Our study has several limitations. The collection is retrospective and monocentric, with the inclusion of patients with various primary tumors treated with different technologies over the last three decades. This time span leads to selection bias, with patients probably not staged in an equivalent way with the advancement of diagnostic tools. In addition, there was a major evolution of brachytherapy, especially with the shift from 2D to 3D treatments, and from low-dose rate to remote afterloading technology, allowing for better dose-optimization processes.
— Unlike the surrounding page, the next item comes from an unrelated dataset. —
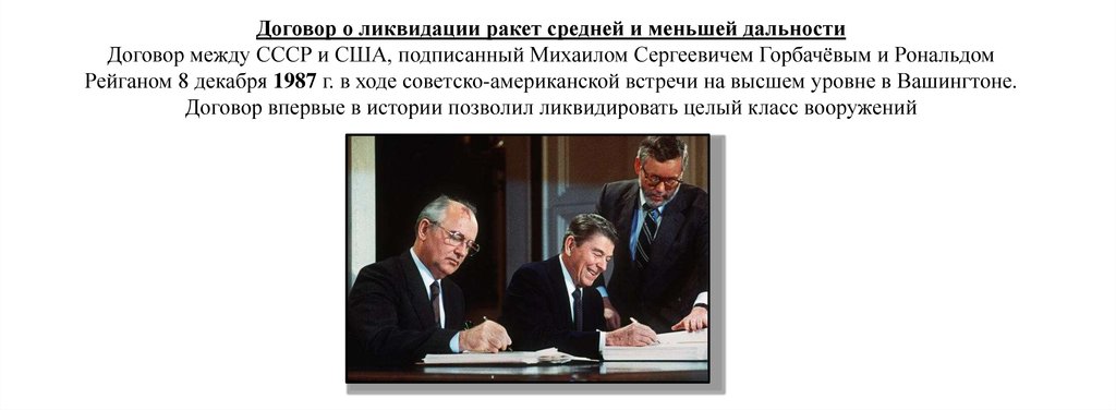 Договор о ликвидации ракет средней и меньшей дальностиДоговор между СССР и США, подписанный Михаилом Сергеевичем Горбачёвым и Рональдом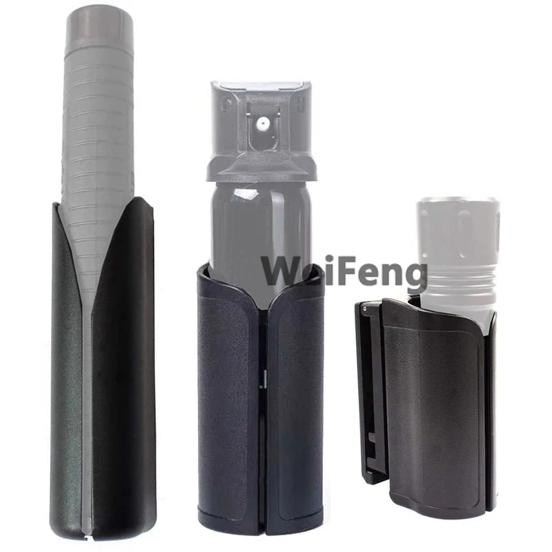 Bolsa táctica de polímero para pulverización, funda para linterna, bastón giratorio de 360 grados, soporte para pulverización de Mace superior abierto, estuche de luz multiherramienta

These technological improvements may have a major impact in terms of oncological and functional outcomes. In addition, the majority of patients were referred for brachytherapy only, after having received their primary treatment in another center. In spite of these limitations, we observed a local control of 80% with brachytherapy within most of the cases with moderate toxicities, suggesting the feasibility of this conservative approach to avoid the morbidity of an anterior pelvectomy in patients with para-urethral tumors. The finding that most relapses are distant encourages the development of novel strategies based on immunomodulation or systemic intensification.

5. Conclusions

In this cohort of LDR/PDR BT for para-urethral primary or recurrent cancer, we observed a probability of local control of 80% with acceptable morbidity. Survival was, however, poor, with high metastatic relapse probability. There is an increasing place for 3D image guidance in these tumors that should be referred to expert centers for modern brachytherapy procedures as part of organ conservative strategies. Further dose–volume constraints still need to be identified to guide treatment planning.